Python has a concise way to create lists called **[list comprehensions](https://docs.python.org/3/tutorial/datastructures.html#list-comprehensions)** - perfect for generating test data!

**Pattern:** `[expression for item in iterable]`

**Why learn this now?**
- Perfect for generating test data (which we'll need for performance testing!)
- More readable and Pythonic than traditional loops
- We'll use this pattern extensively in data processing

In [None]:
# Traditional approach with loops
numbers = []
for i in range(5):
    numbers.append(i * 2)
print(f"Traditional loop: {numbers}")

# List comprehension - more concise!
numbers_comp = [i * 2 for i in range(5)]
print(f"List comprehension: {numbers_comp}")

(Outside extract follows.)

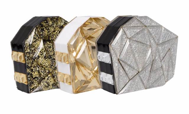 La clutch firmata Genny è realizzata in plexi e inserti geometrici upper class in differenti varianti che la rendono un’irresistibile tentazione all’insegna di magici effetti scenografici: dal coté aurora boreale a quello sparkling con glitter e oro chiaro; dallo specchiato sempre gold fino al silver più luminescente.

# Pattern: [expression for item in iterable]
emails = [f"user_{i}@email.com" for i in range(3)]
print(f"Generated emails: {emails}")

### 🛠️ Your Turn: Practice List Comprehensions

In [None]:
# TODO: Create a list of squares for numbers 1-10 using a list comprehension

# TODO: Create a list of even numbers from 0-20 using a list comprehension

# TODO: Create a list of customer emails for customer IDs 100-105

---

# 🔬 Interactive Exercise: AI-Assisted Performance Detective

**Challenge:** Help optimize this slow code using GenAI tools!

## Step 1: The Slow Code

First, let's create some test data and implement a slow customer VIP lookup system.

In [None]:
import time

# Generate large customer database using list comprehensions!
customers = [f"customer_{i}@email.com" for i in range(50000)]
vip_customers = [f"customer_{i}@email.com" for i in range(0, 50000, 100)]  # Every 100th customer

print(f"Total customers: {len(customers):,}")
print(f"VIP customers: {len(vip_customers):,}")
print(f"First few VIPs: {vip_customers[:5]}")

In [None]:
# Slow approach - checking VIP status using list membership
def is_vip_slow(email, vip_list):
    """Check if customer is VIP - using list membership"""
    return email in vip_list

# Let's time this approach
start_time = time.time()
vip_count = 0

for customer in customers[:1000]:  # Check first 1000 customers
    if is_vip_slow(customer, vip_customers):
        vip_count += 1

slow_time = time.time() - start_time
print(f"Slow approach: {slow_time:.4f} seconds, found {vip_count} VIPs")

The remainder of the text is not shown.